3. Obtain and install the CData JDBC Driver for Apache Spark to enable Spark access.

4. License the JDBC Driver to enable driver usage.

# Example commands shown in setup flow
# Locate the driver and license it as part of your installation
# Directory paths will vary by OS

5. Configure the JDBC connection to your Spark data source (use the connection string utility to test and copy the final connection string). This example uses a Salesforce data source for illustration, but you will configure Spark accordingly.

java -jar cdata.jdbc.sparksql.jar

6. Create a .prp file (for example apache-spark.prp) with the required properties to expose the connection via MCP. Include the server name, driver details, and the JDBC URL you copied.

Prefix=sparksql
ServerName=CDataSparkSQL
ServerVersion=1.0
DriverPath=PATH\\TO\\cdata.jdbc.sparksql.jar
DriverClass=cdata.jdbc.sparksql.SparkSQLDriver
JdbcUrl=jdbc:sparksql:InitiateOAuth=GETANDREFRESH;
Tables=

Starting the MCP server locally

Run the MCP server on the same machine as the client. The server operates in stdio mode, so the client must run on the same host.

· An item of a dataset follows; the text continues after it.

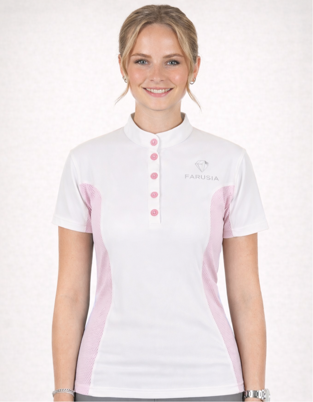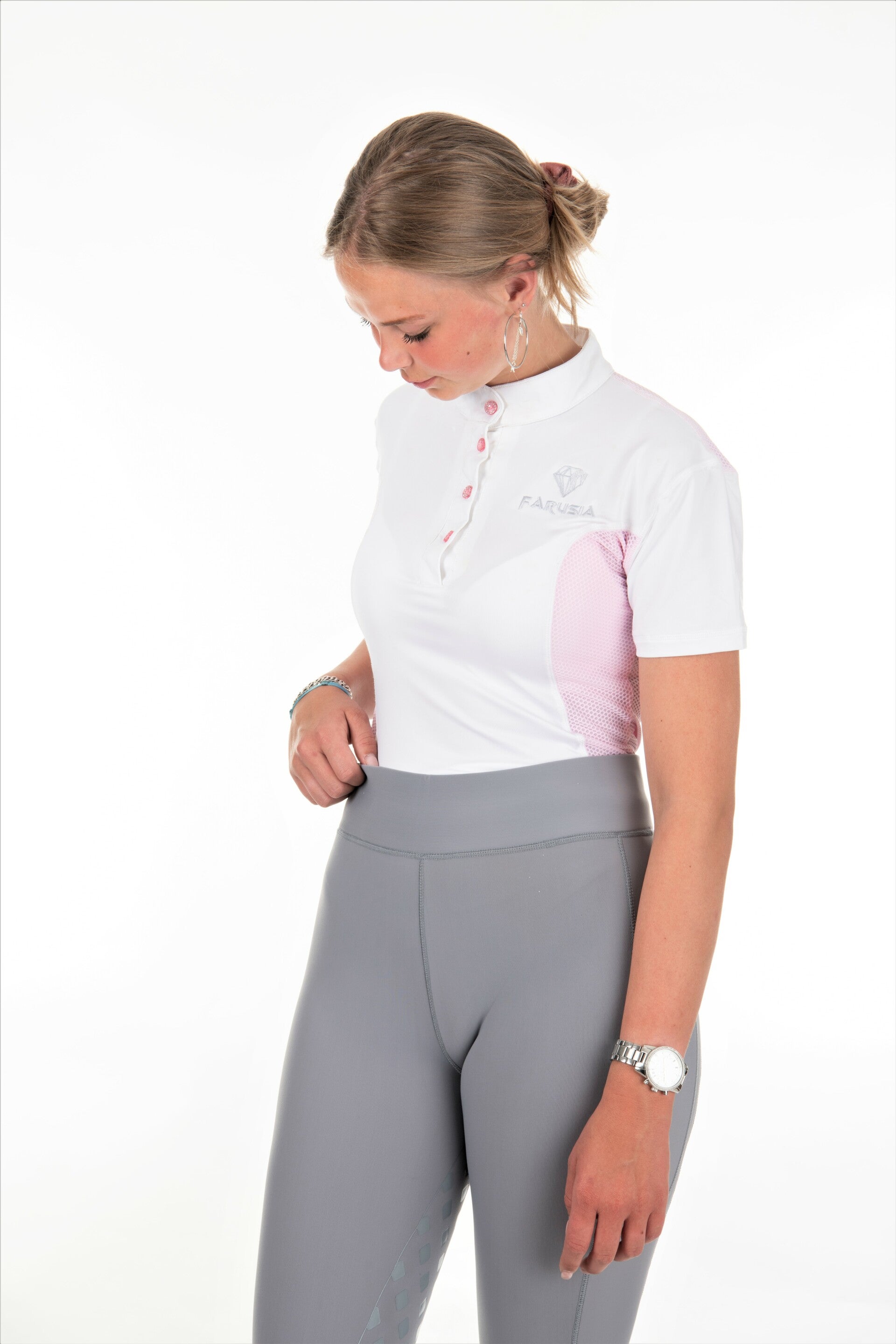 The classic collar with crystal buttons and a logo at the chest and shoulder bring a little something extra to your outfit. this shirt is not only great to wear in training, but also in your next competition.

java -jar /PATH/TO/CDataMCP-jar-with-dependencies.jar /PATH/TO/apache-spark.prp

Available tools

apache_spark_get_tables

Retrieves a list of tables available in the data source. Returns CSV with a header row of column names.

apache_spark_get_columns

Retrieves a list of columns for a specified table. Returns CSV with a header row of column names.

apache_spark_run_query

Executes a SQL SELECT query against the Spark data source and returns results.